# DATA EXTRACT
= = =
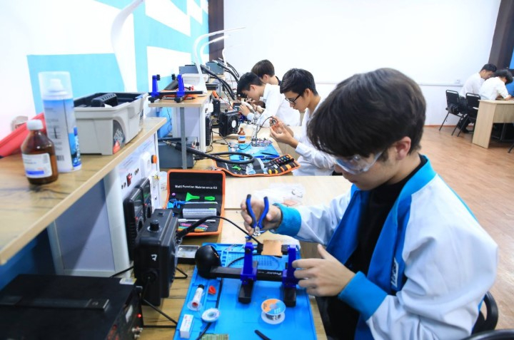 - Робототехника зертханасы – NAO гуманоид роботтары мен WorldSkills стандарттарына сай платформалар арқылы құрастыру және бағдарламалау дағдыларын дамытуға арналған.
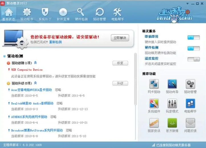 驱动精灵:驱动库更新较慢,对一些较新的设备支持不够完善。
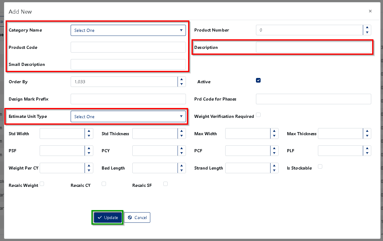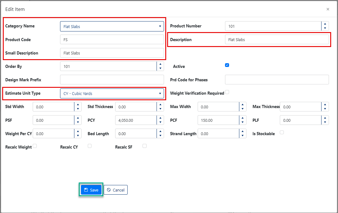 - Modify any/all other needed product dimensions and specifications.
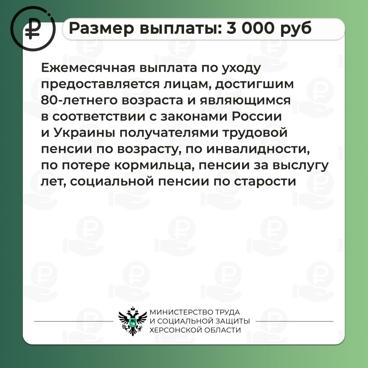 Ежемесячная выплата по уходу предоставляется лицам, достигшим 80-летнего возраста и являющимся в соответствии с законодательством Украины и Российской Федерации получателями трудовой пенсии по возрасту, по инвалидности, по потере кормильца, пенсии за выслугу лет, социальной пенсии по старости.
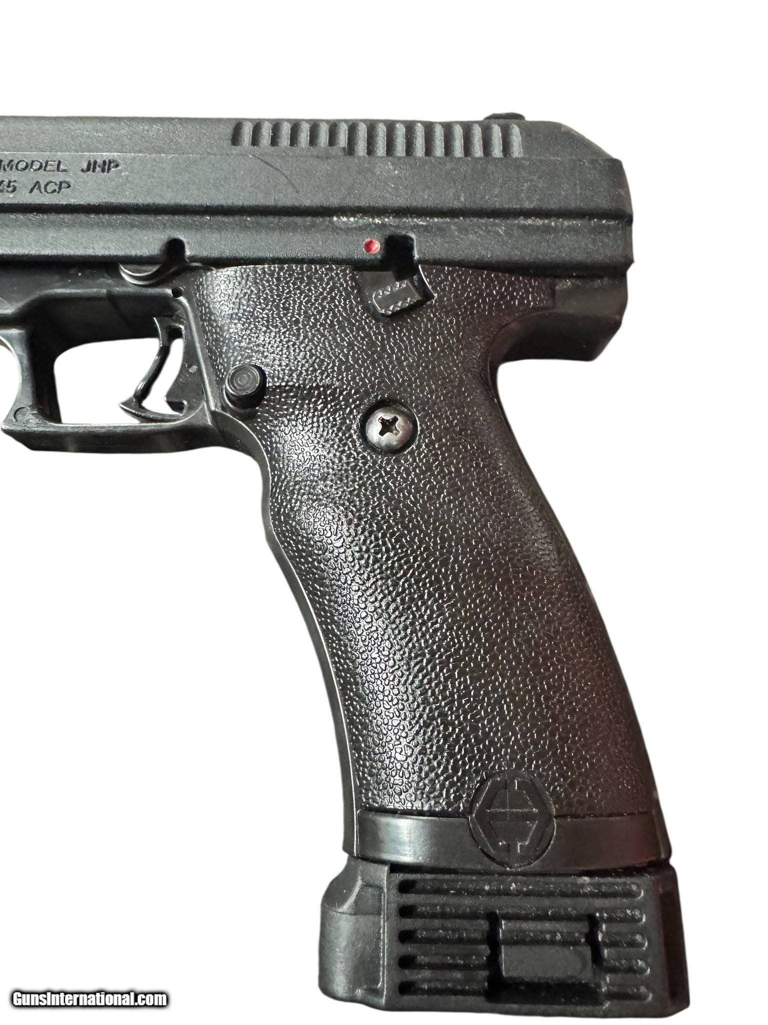 Description: Guns Listing ID: 590511 The Hi-Point JHP 45 Semi-Auto Pistol brings the power of .45 ACP to your hands. The JHP frame is constructed of high-impact polymer. The frame safety is right-hand only. The polymer grip panels feature an easy-grip finish. Three-dot sights come on the pistol and a ghost-ring-style rear peep sight is included. You‚ll get last round lock back and a magazine disconnect safety, which prevents the gun from firing if you eject the magazine. Earn some bragging rights with this large-framed offering from Hi-Point. Chambered in .45 ACP High-impact polymer frame Frame safety Polymer grips with easy-grip finish 3-dot adjustable sights Finished in black, in good condition, one magazine included with purchase. Manufacturer: HI-POINT Model: JHP Caliber Info: .45 ACP Condition: Used - Non-Certified Barrels: 4.5" BARREL Action: SEMI AUTOMATIC Finish: black Price: $170.99 Contact Seller |
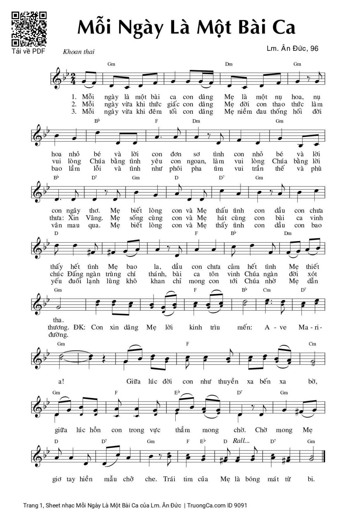 1. Mỗi ngày là một bài ca con dâng Mẹ là một nụ hoa, nụ hoa nhỏ bé và lời và lời con đơn sơ, tình con nhỏ bé và lời con ngây thơ. Mẹ biết lòng con và Mẹ thấu tình con dầu con chưa thấy hết tình Mẹ bao la, dầu con chưa cảm hết tình Mẹ thiết tha.
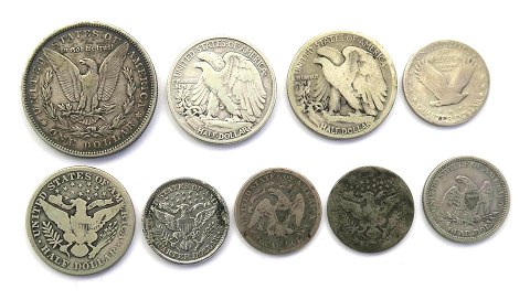 Samling beståede af Dollar sølv 1880, Half Dollar sølv 1912, 1918, 1938, Quarter sølv 1861, 1873, 1892, 1901, 1929.
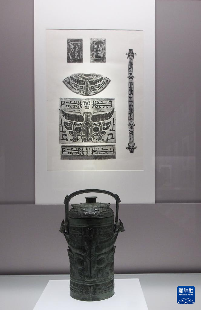 7月6日在上海博物馆展厅拍摄的西周青铜器《古父己卣》及拓本。
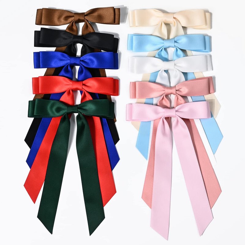 AILEAM’s Classic big 10pcs Silky Satin hair bows ribbon clip
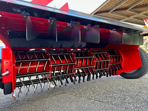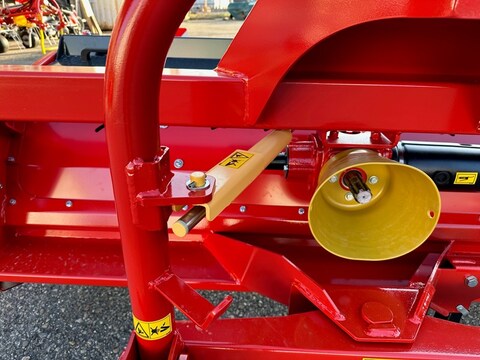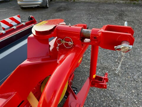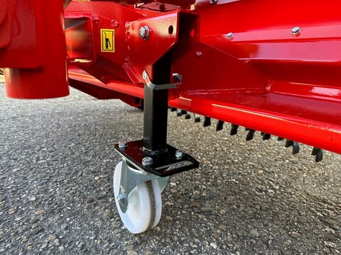 Dreipunkt-Schwenkbock Kat.2, 8 Zinkenreihen, 4-fach einstellbarer Aufbereitungskamm, stufenlos einstellbare Breitstreuvorrichtung, hydr. Stossdämpfer in Schwenkbock, grosse Laufräder 215/65-15", Antrieb 540 U/min, Warntafeln, Gelenkwelle mit Freilauf
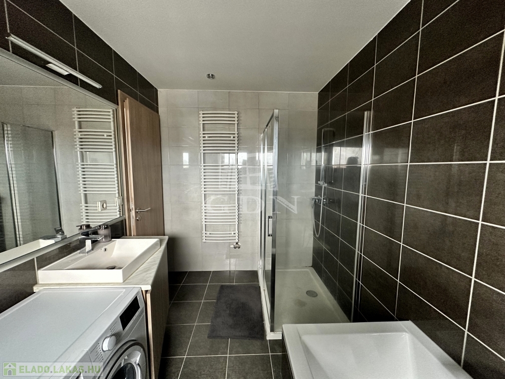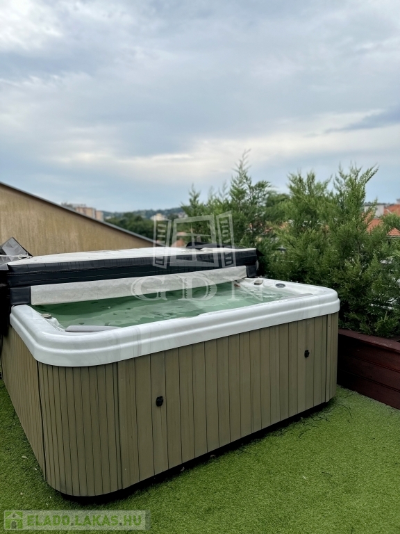A lakás ékét, egyediségét jelentő, fantasztikus kilátással bíró teraszra több helyiségből is kijuthatunk, ahol a 7 személyes JAKUZZI is helyet kapott a kerti bútorok, a grillező és a focikapuk mellett, melyek mind a kellemes időtöltést biztosítják.
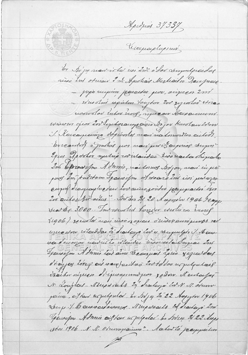 [Item] GRGSA-MAG_NOT002.01.F000075.IT037337 Item #37337 - KARAMANOLIS NOTARIAL ARCHIVE [21 Ιουλίου 1906] Notarial deed. Notice of protest. |
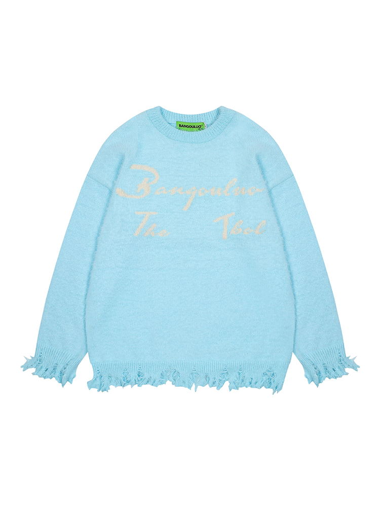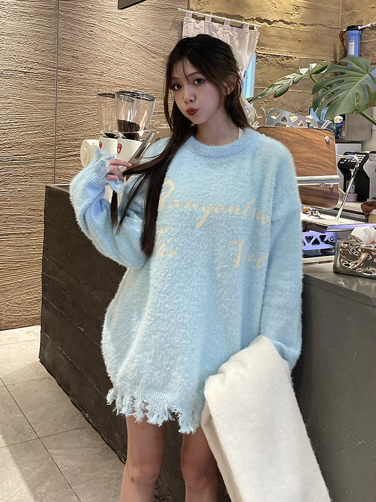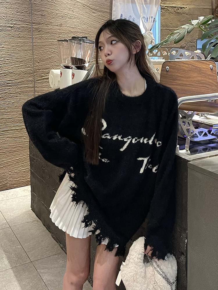 Korean Style Soft Glutinous Letter Jacquard round Neck Sweater Women's Autumn Idle Style Loose BF Easiest for Match Hem Worn Knitwear
= = =
# WHAT IS EXPECTED
Look back over the records above. Reproduce exactly everything from the line with "- Modify any/all" down to the line with "Ежемесячная выплата по", inclusive, and leave the pictures out.

# SOLUTION TO THIS EXERCISE
 - Modify any/all other needed product dimensions and specifications.
 Ежемесячная выплата по уходу предоставляется лицам, достигшим 80-летнего возраста и являющимся в соответствии с законодательством Украины и Российской Федерации получателями трудовой пенсии по возрасту, по инвалидности, по потере кормильца, пенсии за выслугу лет, социальной пенсии по старости.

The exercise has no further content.